Try it: Find the line below with "本报(记者 匡皓 通讯员" and the line with "墙面材质的铺成和转换,在空间". Output them and the lines between, exactly, but not the pictures.

Extracted information:
○ ○ ○

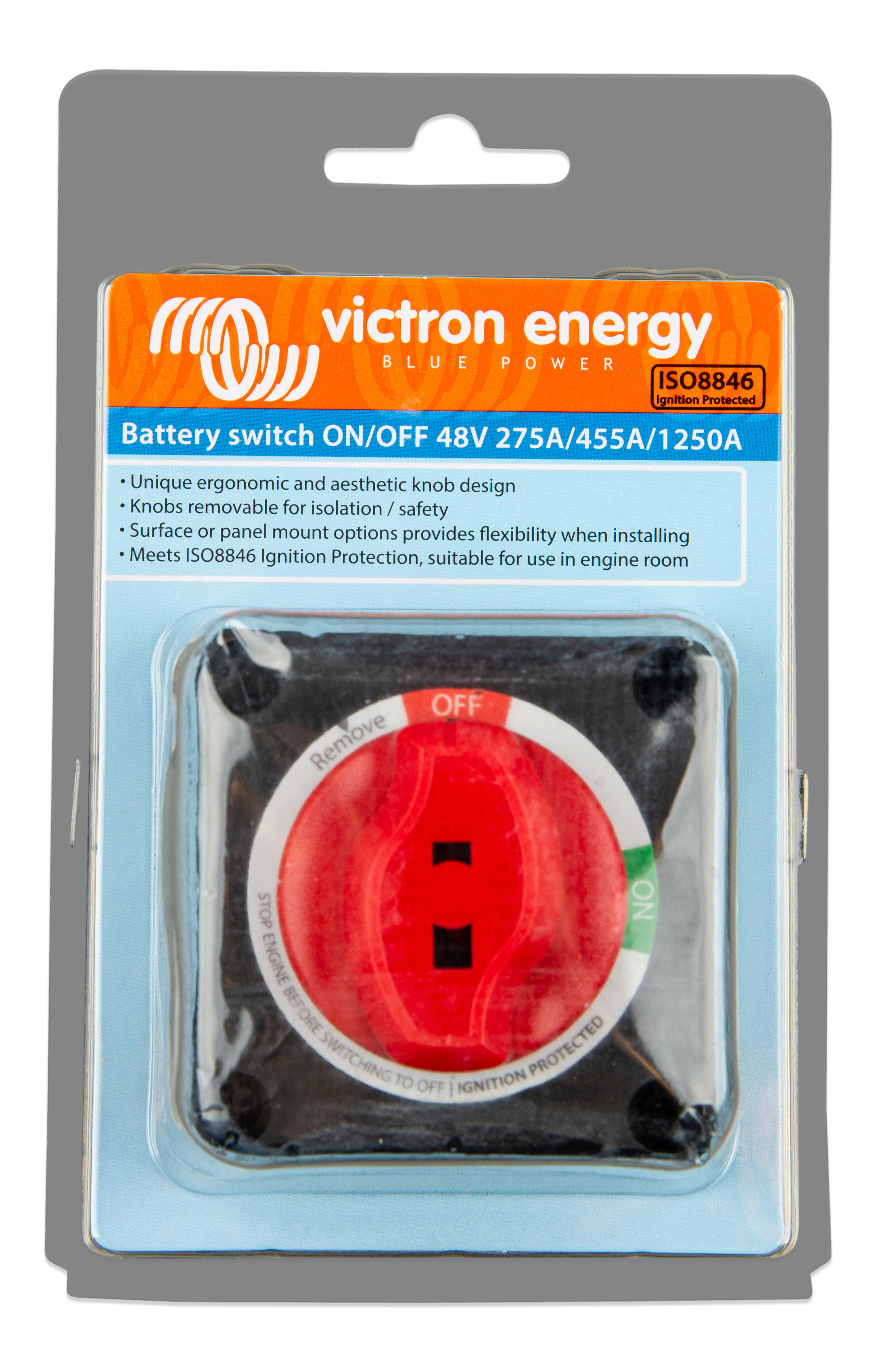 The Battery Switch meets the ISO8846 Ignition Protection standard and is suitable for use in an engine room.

○ ○ ○

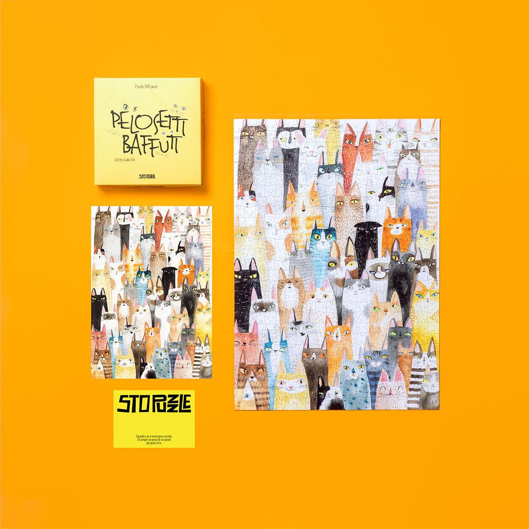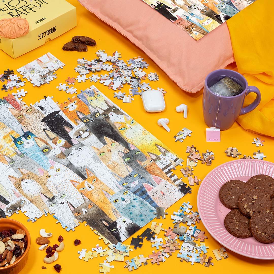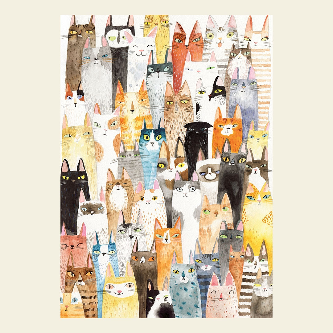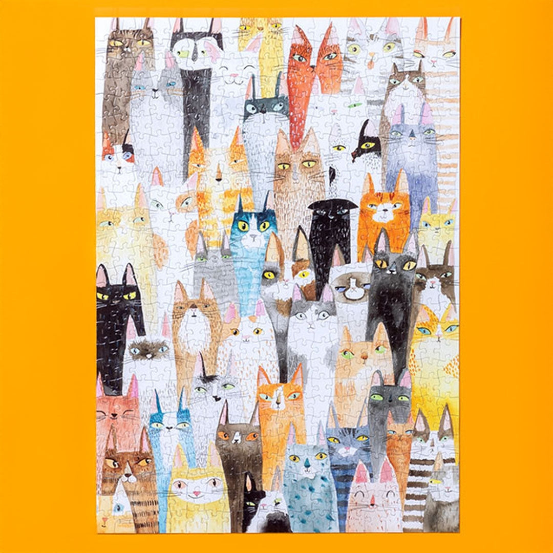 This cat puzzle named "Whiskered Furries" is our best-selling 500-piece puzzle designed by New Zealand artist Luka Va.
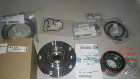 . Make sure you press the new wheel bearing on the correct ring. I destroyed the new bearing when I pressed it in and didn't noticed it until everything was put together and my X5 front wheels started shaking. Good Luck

○ ○ ○

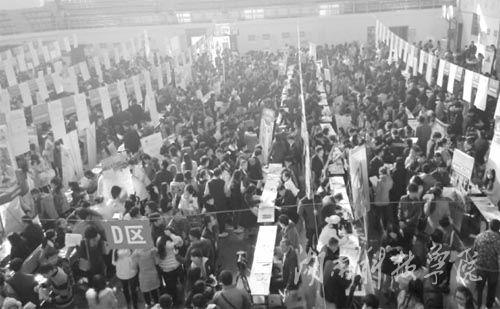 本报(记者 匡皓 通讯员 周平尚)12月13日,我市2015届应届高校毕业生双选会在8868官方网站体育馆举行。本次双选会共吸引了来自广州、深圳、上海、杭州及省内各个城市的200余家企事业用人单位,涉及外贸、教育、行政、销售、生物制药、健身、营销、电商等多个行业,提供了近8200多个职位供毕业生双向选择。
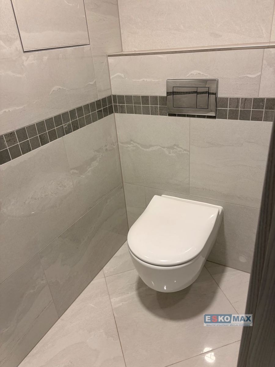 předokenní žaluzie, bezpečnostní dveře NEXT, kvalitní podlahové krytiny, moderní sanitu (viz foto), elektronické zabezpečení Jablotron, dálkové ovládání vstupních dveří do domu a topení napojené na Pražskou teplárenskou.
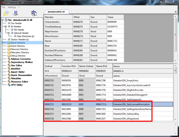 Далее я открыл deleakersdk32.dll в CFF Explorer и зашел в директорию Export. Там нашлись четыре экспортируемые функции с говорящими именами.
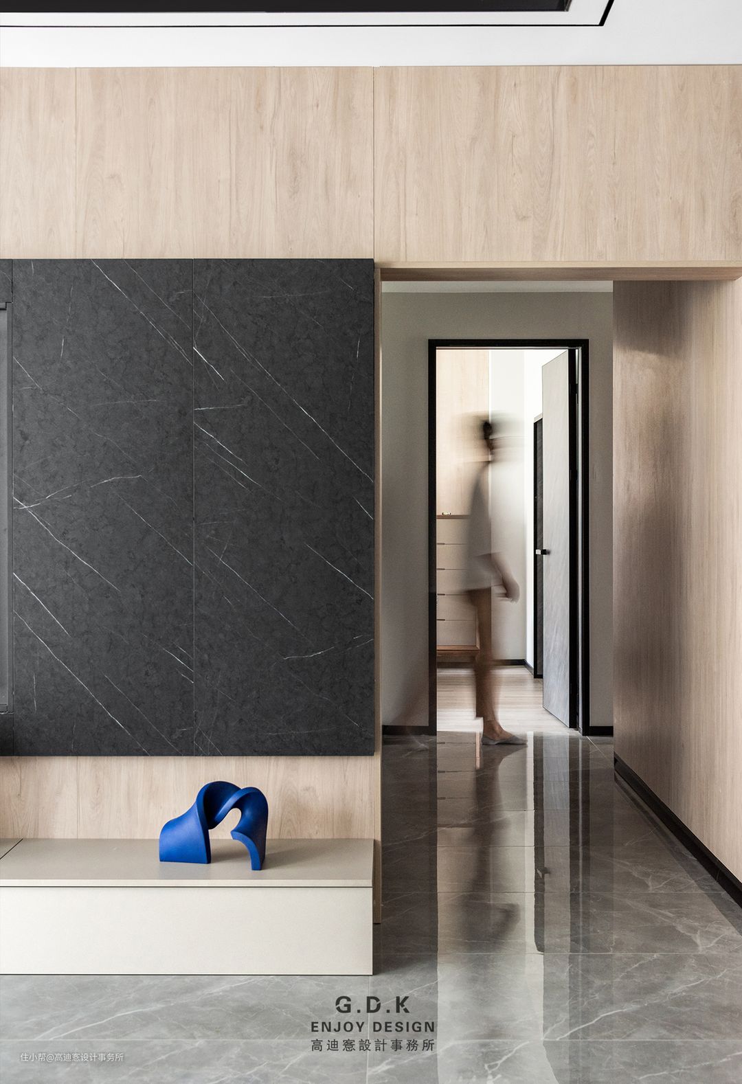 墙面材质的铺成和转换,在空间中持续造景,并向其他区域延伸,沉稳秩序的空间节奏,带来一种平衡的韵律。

○ ○ ○

Exercise output:
 本报(记者 匡皓 通讯员 周平尚)12月13日,我市2015届应届高校毕业生双选会在8868官方网站体育馆举行。本次双选会共吸引了来自广州、深圳、上海、杭州及省内各个城市的200余家企事业用人单位,涉及外贸、教育、行政、销售、生物制药、健身、营销、电商等多个行业,提供了近8200多个职位供毕业生双向选择。
 předokenní žaluzie, bezpečnostní dveře NEXT, kvalitní podlahové krytiny, moderní sanitu (viz foto), elektronické zabezpečení Jablotron, dálkové ovládání vstupních dveří do domu a topení napojené na Pražskou teplárenskou.
 Далее я открыл deleakersdk32.dll в CFF Explorer и зашел в директорию Export. Там нашлись четыре экспортируемые функции с говорящими именами.
 墙面材质的铺成和转换,在空间中持续造景,并向其他区域延伸,沉稳秩序的空间节奏,带来一种平衡的韵律。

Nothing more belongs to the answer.